In the copy, keep every word of the data below and none of its pictures.

#### Data:
-----

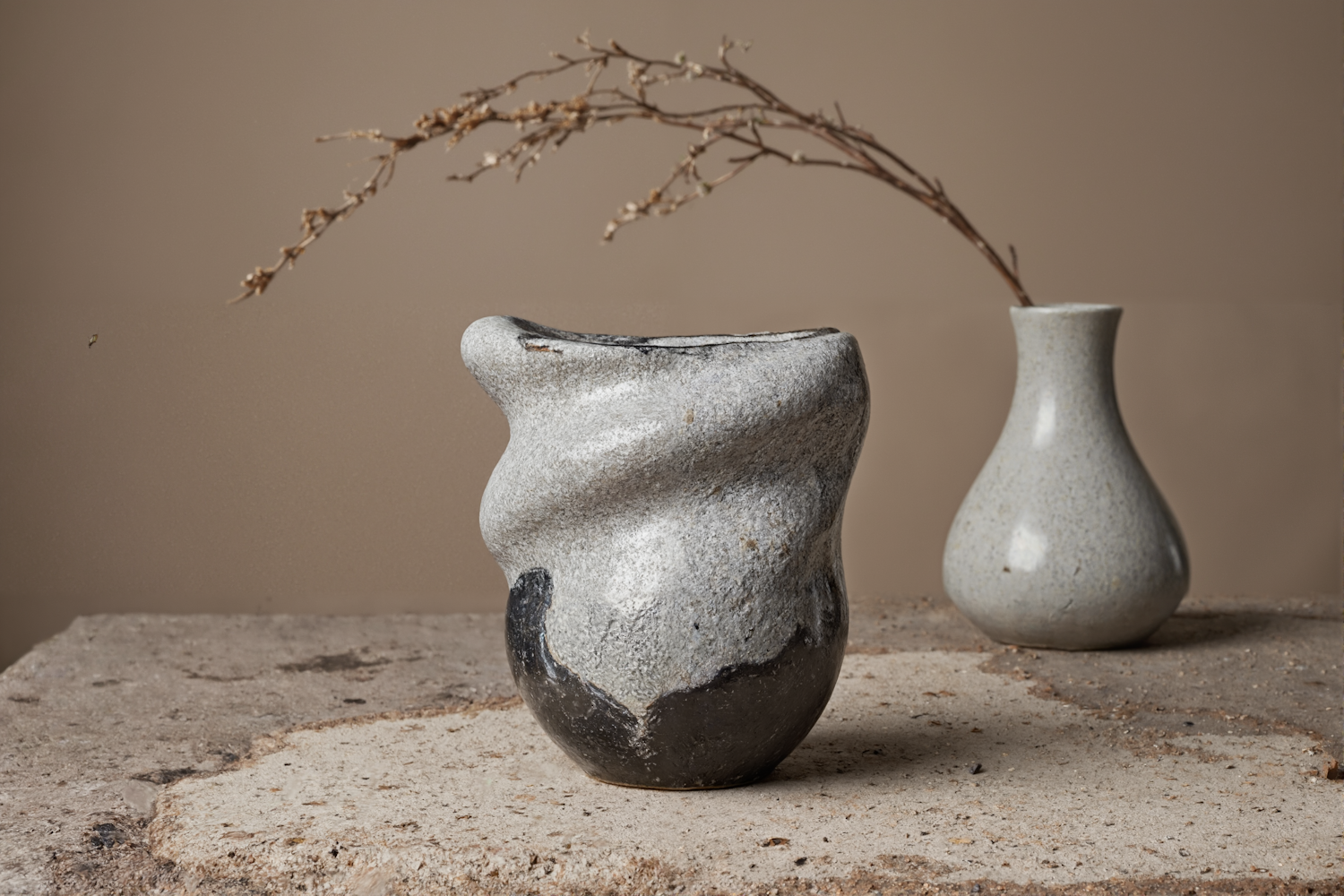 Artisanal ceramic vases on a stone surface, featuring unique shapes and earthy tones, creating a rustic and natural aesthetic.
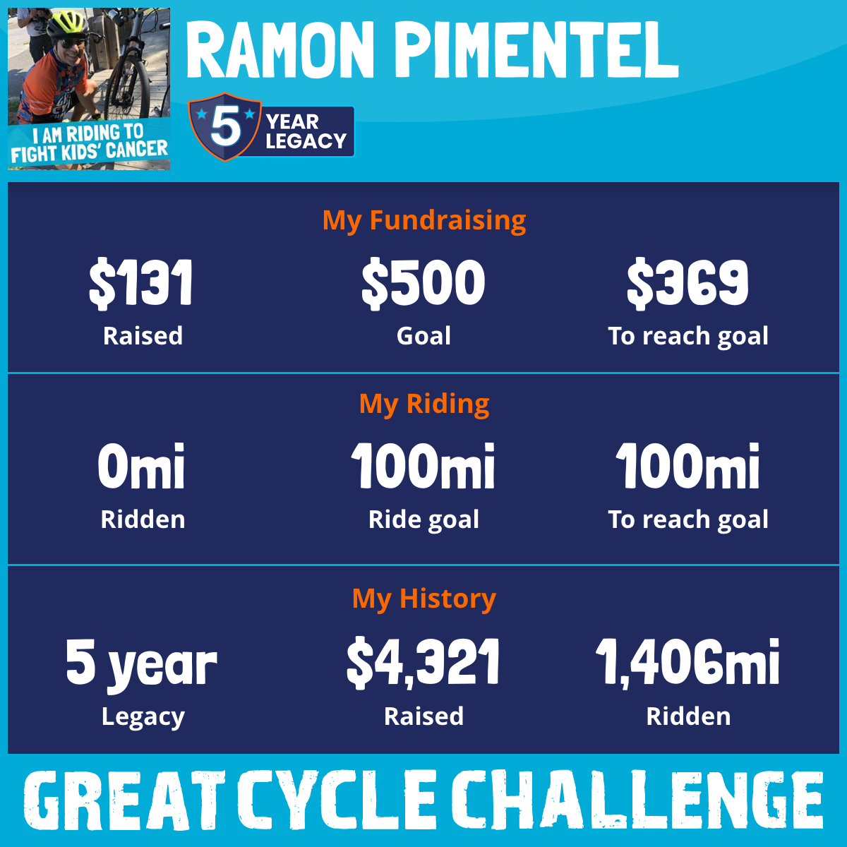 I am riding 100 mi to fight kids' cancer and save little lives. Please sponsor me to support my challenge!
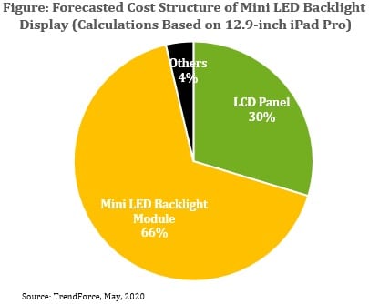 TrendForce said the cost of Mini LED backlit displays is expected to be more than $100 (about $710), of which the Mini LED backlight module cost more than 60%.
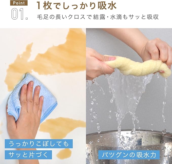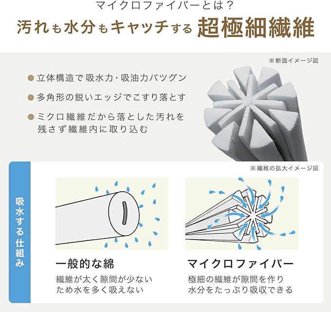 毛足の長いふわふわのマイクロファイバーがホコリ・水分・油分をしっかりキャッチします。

-----

#### Exercise response:
 Artisanal ceramic vases on a stone surface, featuring unique shapes and earthy tones, creating a rustic and natural aesthetic.
 I am riding 100 mi to fight kids' cancer and save little lives. Please sponsor me to support my challenge!
 TrendForce said the cost of Mini LED backlit displays is expected to be more than $100 (about $710), of which the Mini LED backlight module cost more than 60%.
 毛足の長いふわふわのマイクロファイバーがホコリ・水分・油分をしっかりキャッチします。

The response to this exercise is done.